Find the line with "LOT 87D: PAIR" and the line with "Found a plugin" in the entries below; output exactly those two lines, every line between them, and no others.

───

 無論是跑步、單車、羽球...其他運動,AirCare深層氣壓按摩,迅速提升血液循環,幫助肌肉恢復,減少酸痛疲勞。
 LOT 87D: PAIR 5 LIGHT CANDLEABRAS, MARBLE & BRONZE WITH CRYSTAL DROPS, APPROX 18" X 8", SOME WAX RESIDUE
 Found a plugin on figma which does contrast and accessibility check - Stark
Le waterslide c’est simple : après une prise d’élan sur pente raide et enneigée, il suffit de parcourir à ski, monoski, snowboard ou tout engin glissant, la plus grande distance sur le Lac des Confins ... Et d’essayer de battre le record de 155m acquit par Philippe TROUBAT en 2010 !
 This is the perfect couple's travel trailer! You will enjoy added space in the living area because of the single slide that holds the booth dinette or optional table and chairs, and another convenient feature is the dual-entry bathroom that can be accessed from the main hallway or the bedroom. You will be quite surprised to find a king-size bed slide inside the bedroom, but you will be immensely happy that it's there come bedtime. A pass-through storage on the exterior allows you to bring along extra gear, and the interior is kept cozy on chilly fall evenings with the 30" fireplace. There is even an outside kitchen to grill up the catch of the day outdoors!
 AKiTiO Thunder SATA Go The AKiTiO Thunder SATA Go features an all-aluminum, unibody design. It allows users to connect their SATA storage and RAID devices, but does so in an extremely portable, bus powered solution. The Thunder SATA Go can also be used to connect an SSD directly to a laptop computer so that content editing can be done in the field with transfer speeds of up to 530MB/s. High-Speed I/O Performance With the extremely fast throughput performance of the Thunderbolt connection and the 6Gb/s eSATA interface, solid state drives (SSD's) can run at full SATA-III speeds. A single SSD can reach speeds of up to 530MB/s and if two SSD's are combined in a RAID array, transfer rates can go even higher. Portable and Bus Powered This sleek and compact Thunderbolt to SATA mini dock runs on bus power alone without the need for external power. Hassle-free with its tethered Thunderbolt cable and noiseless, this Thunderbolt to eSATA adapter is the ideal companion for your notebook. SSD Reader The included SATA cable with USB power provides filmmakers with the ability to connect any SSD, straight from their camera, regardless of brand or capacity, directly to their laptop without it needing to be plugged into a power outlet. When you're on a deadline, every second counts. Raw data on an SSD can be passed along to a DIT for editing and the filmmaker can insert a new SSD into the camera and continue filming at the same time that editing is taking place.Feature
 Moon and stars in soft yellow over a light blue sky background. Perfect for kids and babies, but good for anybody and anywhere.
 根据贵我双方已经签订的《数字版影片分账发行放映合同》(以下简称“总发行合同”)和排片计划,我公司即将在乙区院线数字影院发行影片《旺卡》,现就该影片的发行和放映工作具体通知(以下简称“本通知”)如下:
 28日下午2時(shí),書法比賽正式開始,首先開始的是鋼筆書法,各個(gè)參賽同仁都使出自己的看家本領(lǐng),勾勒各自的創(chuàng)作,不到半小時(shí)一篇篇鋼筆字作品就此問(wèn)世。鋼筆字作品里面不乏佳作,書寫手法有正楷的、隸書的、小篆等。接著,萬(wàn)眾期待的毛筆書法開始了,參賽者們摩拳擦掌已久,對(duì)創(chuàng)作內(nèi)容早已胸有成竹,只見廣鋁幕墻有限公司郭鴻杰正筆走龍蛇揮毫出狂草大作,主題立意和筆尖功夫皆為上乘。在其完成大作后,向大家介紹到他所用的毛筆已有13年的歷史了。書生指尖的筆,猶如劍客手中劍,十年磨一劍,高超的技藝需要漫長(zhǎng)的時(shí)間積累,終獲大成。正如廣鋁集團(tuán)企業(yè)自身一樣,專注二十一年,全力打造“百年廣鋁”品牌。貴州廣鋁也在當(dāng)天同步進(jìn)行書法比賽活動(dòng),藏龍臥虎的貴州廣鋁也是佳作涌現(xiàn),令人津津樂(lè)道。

───

(Output below):
 LOT 87D: PAIR 5 LIGHT CANDLEABRAS, MARBLE & BRONZE WITH CRYSTAL DROPS, APPROX 18" X 8", SOME WAX RESIDUE
 Found a plugin on figma which does contrast and accessibility check - Stark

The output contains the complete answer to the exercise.